#### [DIRECTIONS FOR THIS TASK]
The lines below must be transcribed exactly as given, with the images removed.

#### [COLLECTED DATA]
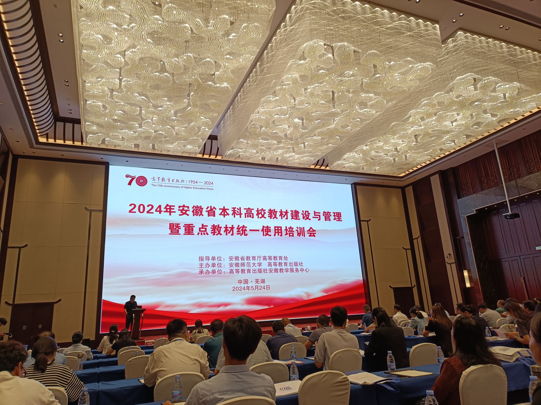 5月24日,由安徽师范大学、高等教育出版社主办,高等教育出版社安徽教学服务中心承办的2024年全省本科高校教材建设与管理暨重点教材统一使用培训会在芜湖举行。安徽省教育厅高教处相关领导、部分普通本科高校分管教学的校领导、教务处处长、分管教学副处长、所涉马工程重点教材教公司系主要负责人及分管教学副经理、讲授《习近平法治思想概论》《管理学》《艺术学概论》三门课程的授课教师等有关人员出席参会。公司教师胡孝权、张静、王野飞参加了本次会议。
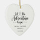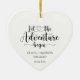 Un adorno de anuncio de compromiso con la frase popular: "que comience la aventura". Un adorno versátil. Un regalo conmemorativo para la pareja, O regalo de propuesta para el séquito de boda. Presenta este regalo a amigos mientras les pides que sean parte del séquito de boda. ¡Pero no te olvides de mamá y papá! Sorpréndelos con este recuerdo también!
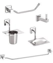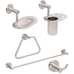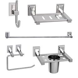 Backed by a team of dexterous professionals, we have been able to manufacture and supply a comprehensive assortment of 5 Pieces Bathroom Accessories Set (Shadow Series). These accessories set are manufactured with precision using finest quality of material & contemporary techniques following the set norms of market. Owing to their impeccable finish and alluring design, these accessories are highly acknowledged among our clients. Offered accessories set is made available in numerous customize
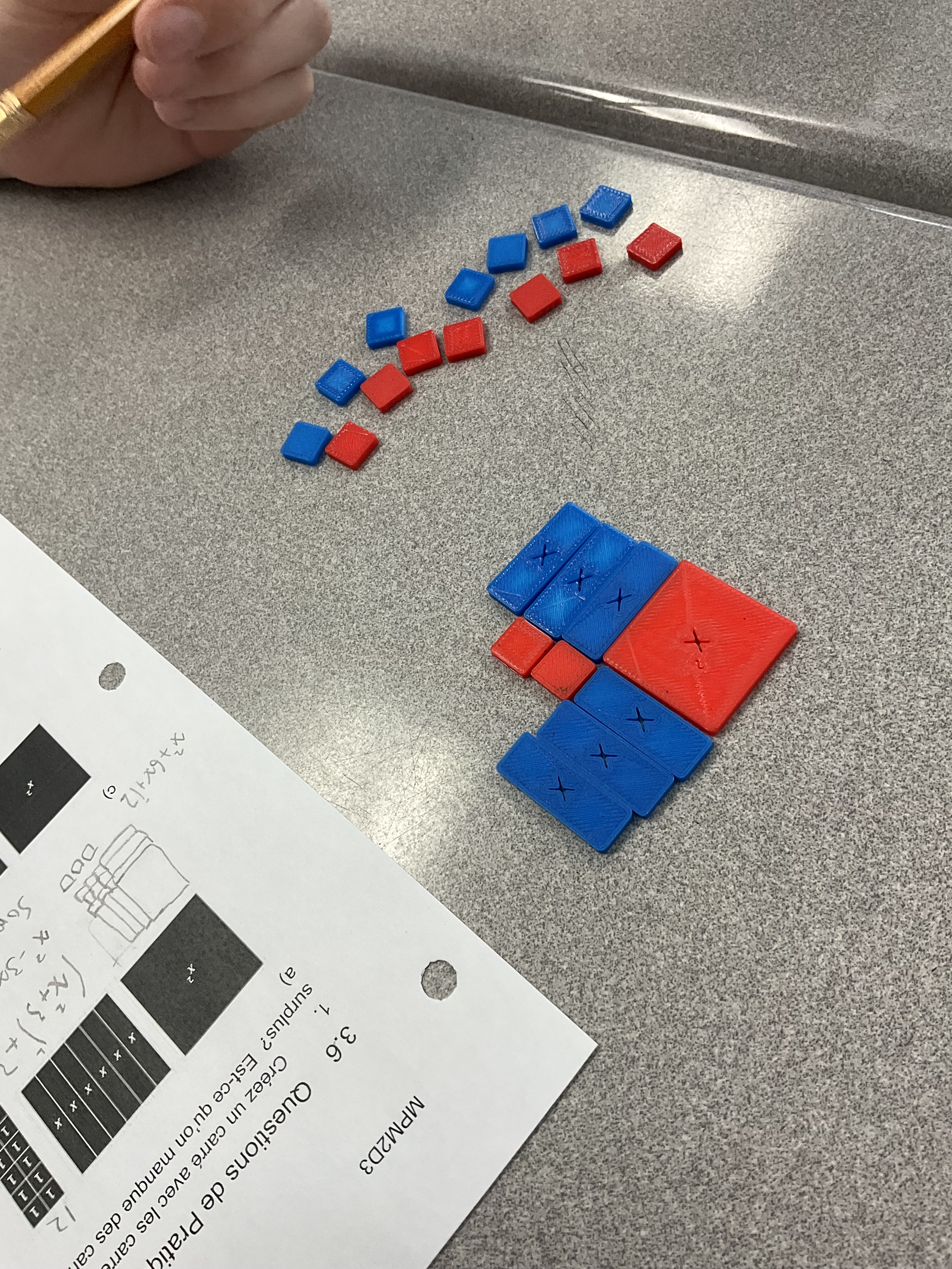 algebra tiles are a great low-tech solution for teaching engaging lessons while faced with a network outage. It appears we’re working without internet, online class resources, and very limited access to printing for the foreseeable future. Glad to have the consistency of tiles and graph paper, and lots of whiteboard markers. We will still be able to make great use of our time.

#### [TASK RESULT]
 5月24日,由安徽师范大学、高等教育出版社主办,高等教育出版社安徽教学服务中心承办的2024年全省本科高校教材建设与管理暨重点教材统一使用培训会在芜湖举行。安徽省教育厅高教处相关领导、部分普通本科高校分管教学的校领导、教务处处长、分管教学副处长、所涉马工程重点教材教公司系主要负责人及分管教学副经理、讲授《习近平法治思想概论》《管理学》《艺术学概论》三门课程的授课教师等有关人员出席参会。公司教师胡孝权、张静、王野飞参加了本次会议。
 Un adorno de anuncio de compromiso con la frase popular: "que comience la aventura". Un adorno versátil. Un regalo conmemorativo para la pareja, O regalo de propuesta para el séquito de boda. Presenta este regalo a amigos mientras les pides que sean parte del séquito de boda. ¡Pero no te olvides de mamá y papá! Sorpréndelos con este recuerdo también!
 Backed by a team of dexterous professionals, we have been able to manufacture and supply a comprehensive assortment of 5 Pieces Bathroom Accessories Set (Shadow Series). These accessories set are manufactured with precision using finest quality of material & contemporary techniques following the set norms of market. Owing to their impeccable finish and alluring design, these accessories are highly acknowledged among our clients. Offered accessories set is made available in numerous customize
 algebra tiles are a great low-tech solution for teaching engaging lessons while faced with a network outage. It appears we’re working without internet, online class resources, and very limited access to printing for the foreseeable future. Glad to have the consistency of tiles and graph paper, and lots of whiteboard markers. We will still be able to make great use of our time.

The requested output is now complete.